Sonographic Feature Extraction of Cervical Lymph Nodes and Its Relationship With Segmentation Methods

Junhua Zhang, Yuanyuan Wang, PhD, Yi Dong, MD and Yi Wang, MD

Electronic Engineering Department, Fudan University, Shanghai, China (Jh.Z., Yy.W.); and Ultrasound Department, Huashan Hospital, Shanghai, China (Y.D., Y.W.).

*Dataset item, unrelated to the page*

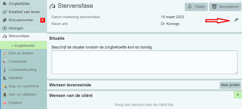 Zorgbehoefte stervensfase bewerken

Address correspondence to Yuanyuan Wang, PhD, Department of Electronic Engineering, Fudan University, Shanghai 200433, China. E-mail: yywang{at}fudan.edu.cn

Objective. The purpose of this study was to extract quantitative features for characterization of cervical lymph nodes on sonographic images and analyze the effect of a semiautomated segmentation method on the feature extraction. Methods. Contours of 186 cervical lymph nodes on sonographic images were separately delineated by 2 radiologists (R1 and R2) and a semiautomated segmentation method. For each node, 10 kinds of sonographic features (including 3 parameters of size; 12 parameters of margin; 4 parameters of nodal border; 10 parameters of echogeneity; and 1 parameter of shape, echogenicity, medulla ratio, medulla distribution, vascular density, and vascular pattern, respectively) were quantified by a computerized scheme based on the segmented contour. Correlations between the quantitative parameter and the radiologists’ consensus grading were computed to assess the effectiveness of these parameters. Concerning the 14 best correlated parameters, the effect of the segmentation stage on the feature extraction was estimated by comparing the parameter values calculated under different segmentations in terms of relative ultimate measurement accuracy. Results. Good correlations between the computerized scheme and radiologists were seen in features of size, nodal border, shape, echogenicity, medulla ratio, medulla distribution, vascular density, and vascular pattern, whereas 10 of 12 parameters of margin features and 8 of 10 parameters of echogeneity features showed poor correlations. Paired t tests comparing the relative ultimate measurement accuracy computed using the R1-R2 and the R1-computer pairing showed no significant difference on 11 parameters for the 14 parameters analyzed. Conclusions. The computerized feature parameters may be used as assisted indices for evaluating cervical lymphadenopathies from sonographic images. The semiautomated segmentation method satisfied the accuracy requirement of the feature extraction.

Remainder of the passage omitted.